## Problem to solve:
Output the listing below verbatim, without images.

────────────────

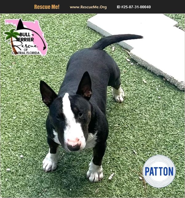 This little tank is 3 years old, 33 lbs & neutered. Patton was bought as a puppy by an older gentleman who always wanted a Bull Terrier & who is wheelchair dependent, living in a condo, with no backyard. Patton has never had proper daily exercise or an outlet for his normal Bull Terrier energy so when he started to become unmanageable his previous owner had his vet put him on Trazodone, which is a drug known to cause reactivity in dogs if used long term. Upon evaluation, we knew Patton needed professional training after we had him evaluated before taking him into our rescue program, so he went straight to the trusted team in Orlando where we train many of our neediest dogs. He initially was just a happy untrained guy who desperately needed to learn some boundaries & manners. We worked closely with the training team to safely work him through what has been a very stressful week for our team, the trainers & most of all Patton, who's whole world has been turned upside down. Patton has made tremendous progress learning to slow his thinking down & also starting to learn a recall. Patton has a long road ahead of him but we are committed to him. We share detail of his past in hopes to EDUCATE & SPREAD AWARENESS of the misuse of certain drugs. It is so important to RESEARCH THE BREED you are seeking out & to make sure you are capable & willing to commit to their needs! Bull Terriers need daily exercise ESPECIALLY puppies! Stay tuned for more on Patton who is the most adorable guy & is already making incredible strides. Learn more about our adoption process and check us out on Facebook and IG. www.BullTerrierRescueOfCentralFL.org
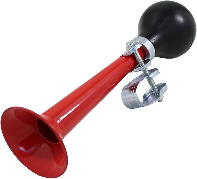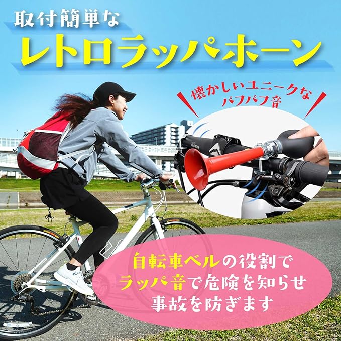 Funriche 自転車 ベル 自転車 ホーン ラッパ 音 警音器 レトロ ラッパホーン 応援 グッズ パフパフ音 取付簡単(渦巻&ストレート)(赤) (青)
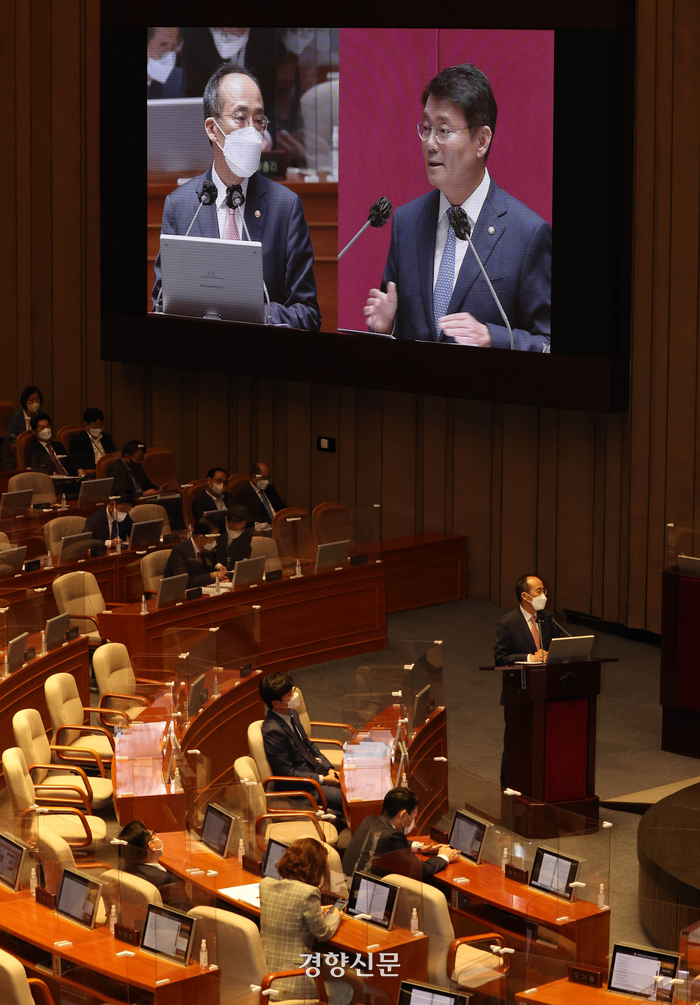 김 의원은 “윤석열 정부의 경제정책 논리는 부자 감세, 규제 완화를 통해 대기업 투자를 유치해 성장의 선순환을 만들겠다는 너무 쉬운 논리”라며 “국가 경제가 어려울 때 (법인세를) 내린 국가는 하나도 없다”고 주장했다. 추 부총리는 “지난 정부를 제외하고는 김대중 정부 때부터 법인세를 일관되게 내려왔다”고 말했다.
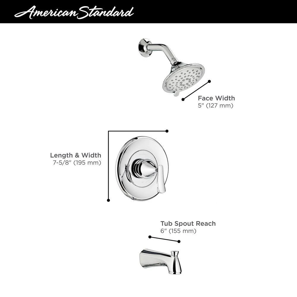 The Chatfield Tub and Shower Trim Kit from American Standard brings clean, transitional styling and showering enjoyment to your bathroom. Three-function showerhead delivers conventional spray, massage spray or a combination of both to satisfy every preference. Equipped with an anti-scald pressure balance valve, the sleek, lever handle allows you to safely fine-tune water with protection from scalding due to unexpected changes in temperature and pressure. Matching tub spout features pull-up diverter. Coordinates perfectly with Chatfield sink faucets for complete bathroom harmony.
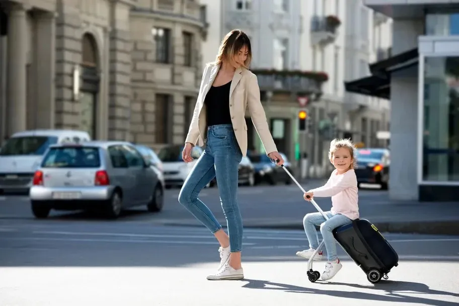 Ride-on, valiza, troller si carucior – toate intr-un singur produs! Micro Eazy Luggage este valiza perfecta pentru calatoriile alaturi de copilul dvs.
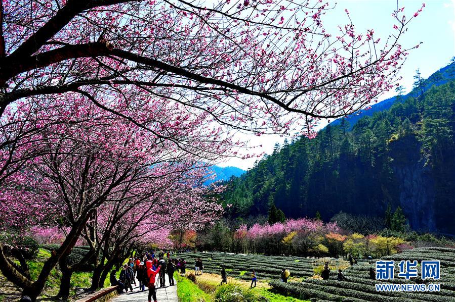 2月29日,游客在武陵農(nóng)場(chǎng)茶園觀賞櫻花。初春的臺(tái)灣,氣溫回升,位于海拔1700多米的臺(tái)中武陵農(nóng)場(chǎng),漫山遍野的櫻花競(jìng)相開放,美不勝收,吸引了四面八方的游客前來觀賞。 新華社記者張國(guó)俊 攝
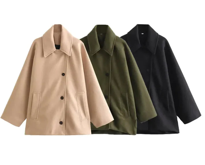 Elevate your everyday style with this chic, loose-fit wool blend coat, available in timeless colors like Army Green, Black, and Camel. Designed for a relaxed yet polished look, this coat offers both comfort and sophistication, making it perfect for the modern professional on the go.
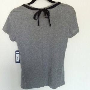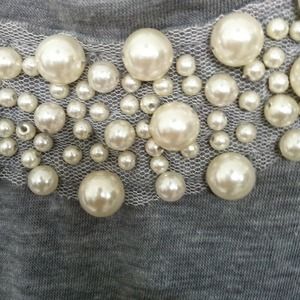 Gray pearl and lace sequence on the neck line and a bow in the back to finish it off
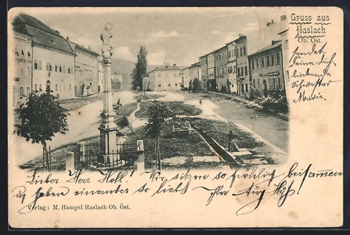 AK Haslach /Ob. Öst., Denkmal mit Strassenpartie

────────────────

## Answer for the task:
 This little tank is 3 years old, 33 lbs & neutered. Patton was bought as a puppy by an older gentleman who always wanted a Bull Terrier & who is wheelchair dependent, living in a condo, with no backyard. Patton has never had proper daily exercise or an outlet for his normal Bull Terrier energy so when he started to become unmanageable his previous owner had his vet put him on Trazodone, which is a drug known to cause reactivity in dogs if used long term. Upon evaluation, we knew Patton needed professional training after we had him evaluated before taking him into our rescue program, so he went straight to the trusted team in Orlando where we train many of our neediest dogs. He initially was just a happy untrained guy who desperately needed to learn some boundaries & manners. We worked closely with the training team to safely work him through what has been a very stressful week for our team, the trainers & most of all Patton, who's whole world has been turned upside down. Patton has made tremendous progress learning to slow his thinking down & also starting to learn a recall. Patton has a long road ahead of him but we are committed to him. We share detail of his past in hopes to EDUCATE & SPREAD AWARENESS of the misuse of certain drugs. It is so important to RESEARCH THE BREED you are seeking out & to make sure you are capable & willing to commit to their needs! Bull Terriers need daily exercise ESPECIALLY puppies! Stay tuned for more on Patton who is the most adorable guy & is already making incredible strides. Learn more about our adoption process and check us out on Facebook and IG. www.BullTerrierRescueOfCentralFL.org
 Funriche 自転車 ベル 自転車 ホーン ラッパ 音 警音器 レトロ ラッパホーン 応援 グッズ パフパフ音 取付簡単(渦巻&ストレート)(赤) (青)
 김 의원은 “윤석열 정부의 경제정책 논리는 부자 감세, 규제 완화를 통해 대기업 투자를 유치해 성장의 선순환을 만들겠다는 너무 쉬운 논리”라며 “국가 경제가 어려울 때 (법인세를) 내린 국가는 하나도 없다”고 주장했다. 추 부총리는 “지난 정부를 제외하고는 김대중 정부 때부터 법인세를 일관되게 내려왔다”고 말했다.
 The Chatfield Tub and Shower Trim Kit from American Standard brings clean, transitional styling and showering enjoyment to your bathroom. Three-function showerhead delivers conventional spray, massage spray or a combination of both to satisfy every preference. Equipped with an anti-scald pressure balance valve, the sleek, lever handle allows you to safely fine-tune water with protection from scalding due to unexpected changes in temperature and pressure. Matching tub spout features pull-up diverter. Coordinates perfectly with Chatfield sink faucets for complete bathroom harmony.
 Ride-on, valiza, troller si carucior – toate intr-un singur produs! Micro Eazy Luggage este valiza perfecta pentru calatoriile alaturi de copilul dvs.
 2月29日,游客在武陵農(nóng)場(chǎng)茶園觀賞櫻花。初春的臺(tái)灣,氣溫回升,位于海拔1700多米的臺(tái)中武陵農(nóng)場(chǎng),漫山遍野的櫻花競(jìng)相開放,美不勝收,吸引了四面八方的游客前來觀賞。 新華社記者張國(guó)俊 攝
 Elevate your everyday style with this chic, loose-fit wool blend coat, available in timeless colors like Army Green, Black, and Camel. Designed for a relaxed yet polished look, this coat offers both comfort and sophistication, making it perfect for the modern professional on the go.
 Gray pearl and lace sequence on the neck line and a bow in the back to finish it off
 AK Haslach /Ob. Öst., Denkmal mit Strassenpartie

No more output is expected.